17 Network Optimization Part3 How to Monitor Networks With Large Data

17 Network Optimization Part3 How to Monitor Networks with Large Data #

After learning in the previous article about how to build a high-quality network, do we have enough knowledge already? Let’s think about it. When a network request is made from a mobile phone to the backend server, it involves hardware facilities such as base stations, fiber optic cables, routers, as well as the involvement of network operators and server rooms.

Whether it’s a base station failure, a fiber optic cable being cut, network operator hijacking, or issues with our server rooms and CDN service providers, all of these can potentially cause problems with user networks. Have you ever experienced various unexpected network issues online? Many companies’ operations and maintenance personnel live in constant fear and are exhausted every day.

“Kind” malfunctions mysteriously resolve themselves after a period of time, while “stubborn” malfunctions are difficult to locate and solve. How do these malfunctions occur? Why do they suddenly recover? How many users are affected and which ones? Solving these problems requires a high-quality network, and a high-quality network requires strong monitoring capabilities. Today, let’s take a look at how to monitor networks.

Mobile Monitoring #

For the mobile end, we may have various network requests. Even if we use the OkHttp network library, there may be some developers or third-party components that use the system’s network library. So how should we monitor all network requests from the client in a unified way?

1. How to monitor the network

First method: Instrumentation.

For compatibility reasons, the first thing I think of is instrumentation. The open-source performance monitoring tool ArgusAPM from 360 utilizes Aspect to switch instrumentation and achieve monitoring of system and OkHttp network requests.

The instrumentation implementation of the system network library can refer to TraceNetTrafficMonitor. It mainly utilizes the aspect feature of Aspect and for OkHttp interception, you can refer to OkHttp3Aspect which is a bit simpler because OkHttp itself has a proxy mechanism.

@Pointcut("call(public okhttp3.OkHttpClient build())")
public void build() {
}

@Around("build()")
public Object aroundBuild(ProceedingJoinPoint joinPoint) throws Throwable {
    Object target = joinPoint.getTarget();
    if (target instanceof OkHttpClient.Builder && Client.isTaskRunning(ApmTask.TASK_NET)) {
        OkHttpClient.Builder builder = (OkHttpClient.Builder) target;
        builder.addInterceptor(new NetWorkInterceptor());
    }
    return joinPoint.proceed();
}

Instrumentation seems good, but it’s not comprehensive. It cannot monitor network requests if other network libraries or native code requests are used.

Second method: Native Hook.

Just like I/O monitoring, at this point, we think of the powerful Native Hook. We generally hook several methods related to networking:

  • Connection-related: connect.

  • Sending data-related: send and sendto.

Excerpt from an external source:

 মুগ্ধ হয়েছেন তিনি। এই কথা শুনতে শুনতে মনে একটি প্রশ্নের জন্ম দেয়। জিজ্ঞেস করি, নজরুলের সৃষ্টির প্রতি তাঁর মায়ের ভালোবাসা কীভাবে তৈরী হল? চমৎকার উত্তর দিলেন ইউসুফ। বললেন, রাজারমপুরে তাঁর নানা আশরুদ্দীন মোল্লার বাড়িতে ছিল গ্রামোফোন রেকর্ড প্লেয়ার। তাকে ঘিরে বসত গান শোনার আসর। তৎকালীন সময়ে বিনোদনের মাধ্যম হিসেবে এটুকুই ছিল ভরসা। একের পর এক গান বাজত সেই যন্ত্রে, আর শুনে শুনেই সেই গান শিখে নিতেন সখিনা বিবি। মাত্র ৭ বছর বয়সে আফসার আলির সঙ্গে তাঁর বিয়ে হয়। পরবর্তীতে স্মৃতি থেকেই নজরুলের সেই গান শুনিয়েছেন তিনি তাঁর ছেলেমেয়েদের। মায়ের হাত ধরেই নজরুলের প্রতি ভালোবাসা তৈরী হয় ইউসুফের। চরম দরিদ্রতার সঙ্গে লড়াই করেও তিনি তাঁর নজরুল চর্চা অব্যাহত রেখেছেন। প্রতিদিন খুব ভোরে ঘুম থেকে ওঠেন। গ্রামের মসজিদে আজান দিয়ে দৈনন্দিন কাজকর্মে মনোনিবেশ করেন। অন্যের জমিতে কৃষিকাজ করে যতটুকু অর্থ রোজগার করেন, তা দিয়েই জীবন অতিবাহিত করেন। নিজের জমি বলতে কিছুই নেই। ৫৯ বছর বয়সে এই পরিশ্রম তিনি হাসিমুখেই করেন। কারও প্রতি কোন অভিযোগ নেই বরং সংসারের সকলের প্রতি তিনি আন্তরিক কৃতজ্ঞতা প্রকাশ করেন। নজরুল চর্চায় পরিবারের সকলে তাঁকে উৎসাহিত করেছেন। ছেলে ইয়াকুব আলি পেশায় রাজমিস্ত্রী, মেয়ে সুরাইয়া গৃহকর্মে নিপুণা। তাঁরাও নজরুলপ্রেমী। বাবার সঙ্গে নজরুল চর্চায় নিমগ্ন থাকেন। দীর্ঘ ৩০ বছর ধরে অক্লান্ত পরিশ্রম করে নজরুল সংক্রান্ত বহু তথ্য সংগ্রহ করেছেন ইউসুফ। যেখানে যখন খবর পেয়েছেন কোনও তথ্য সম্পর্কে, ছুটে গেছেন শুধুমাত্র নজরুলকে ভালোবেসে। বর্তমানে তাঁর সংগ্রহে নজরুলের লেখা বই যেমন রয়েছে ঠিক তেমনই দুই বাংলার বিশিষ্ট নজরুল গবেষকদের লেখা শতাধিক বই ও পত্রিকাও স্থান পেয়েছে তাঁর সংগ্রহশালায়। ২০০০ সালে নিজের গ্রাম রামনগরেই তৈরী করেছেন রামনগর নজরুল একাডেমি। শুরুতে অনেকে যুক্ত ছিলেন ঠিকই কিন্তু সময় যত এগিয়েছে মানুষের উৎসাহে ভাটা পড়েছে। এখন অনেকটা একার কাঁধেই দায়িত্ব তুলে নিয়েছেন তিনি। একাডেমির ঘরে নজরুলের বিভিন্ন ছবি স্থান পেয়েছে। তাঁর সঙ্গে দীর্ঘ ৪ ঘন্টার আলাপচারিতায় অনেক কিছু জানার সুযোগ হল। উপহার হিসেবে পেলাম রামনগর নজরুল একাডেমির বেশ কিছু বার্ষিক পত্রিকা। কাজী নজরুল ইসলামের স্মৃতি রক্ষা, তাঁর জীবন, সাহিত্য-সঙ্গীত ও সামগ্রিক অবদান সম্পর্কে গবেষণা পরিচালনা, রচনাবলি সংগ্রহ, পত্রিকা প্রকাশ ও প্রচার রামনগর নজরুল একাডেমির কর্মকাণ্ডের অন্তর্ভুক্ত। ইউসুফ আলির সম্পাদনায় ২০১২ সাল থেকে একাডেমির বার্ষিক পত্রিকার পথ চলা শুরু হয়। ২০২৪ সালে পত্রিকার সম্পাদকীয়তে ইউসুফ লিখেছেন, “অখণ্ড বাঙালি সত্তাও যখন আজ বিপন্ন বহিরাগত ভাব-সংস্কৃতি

  • Receiving data-related: recv and recvfrom.

Android has some differences in Socket logic for different versions. Taking Android 7.0 as an example, the call stack for Socket connection is as follows:

java.net.PlainSocketImpl.socketConnect(Native Method)
java.net.AbstractPlainSocketImpl.doConnect
java.net.AbstractPlainSocketImpl.connectToAddress
java.net.AbstractPlainSocketImpl.connect
java.net.SocksSocketImpl.connect
java.net.Socket.connect
com.android.okhttp.internal.Platform.connectSocket
com.android.okhttp.Connection.connectSocket
com.android.okhttp.Connection.connect

The “socketConnect” method corresponds to a Native method defined in PlainSocketImpl.c. Looking at the makefile, we can see that they are compiled into libopenjdk.so. However, in Android 8.0, the entire calling process has changed completely. For compatibility reasons, we directly PLT hook all so files in memory, but we need to exclude libc.so where the Socket functions are located.

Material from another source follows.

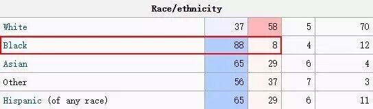 民主党的核武器 贴标签,是民主党煽动仇恨、分裂社会、获得选票的核武器。常用的标签有黑人、穷人、同性恋、女人、穆斯林,人一旦被标签化,自认为属于某个特定群体,那就会展现出非理性、蛮横的动物化倾向,更不用说什么智商了。在前面的租金法案中,房东(有产者)被贴上了贪婪、邪恶的标签,而租客被贴上了可怜的、需要同情的标签。民主党力推的亚裔细分,同样是撕裂社会的标准套路。在标签化运动的背后,人们忘记了社会建设的初衷,不管是何种肤色、种族、性别、宗教,在法律面前,首先是一个人、一个公民,每位公民的合法权利都需要保护。 在不断的身份强化中,黑人群体被民主党坑得最惨。 上图是美国2016年大选后,WIKI上不同族群的投票分布数据。左边蓝色是支持民主党希拉里,中间红色是支持共和党川普。可以看到,白人投票比较分散,接近3:2的支持比例,说明观点独立性比较好;而亚裔和拉丁裔处于中间,接近9:4的支持比例;而黑人群体投票一边倒,竟然达到11:1的支持比例,说明黑人群体的观点独立性很低。

hook_plt_method_all_lib("libc.so", "connect", (hook_func) &create_hook);
hook_plt_method_all_lib("libc.so, "send", (hook_func) &send_hook);
hook_plt_method_all_lib("libc.so", "recvfrom", (hook_func) &recvfrom_hook);
...

One downside of this approach is that it also takes control of the system’s Local Socket, so we need to add filtering conditions in the code. In today’s sample, I have provided a simple implementation for you. No matter which hook method you choose, once you master it, you’ll find that it is not difficult. We need to patiently search and clarify the entire call process.

Third method: Unified network library.

Even though we can obtain all the network calls, let’s think about the use cases. Simulating network data, measuring application traffic, or separately proxying WebView’s network requests.

Usually, we don’t really care about third-party network requests, and for our own application’s network requests, the best monitoring method is to use a unified network library. However, we can monitor which parts of the application use other network libraries instead of the default unified network library through instrumentation and hooking.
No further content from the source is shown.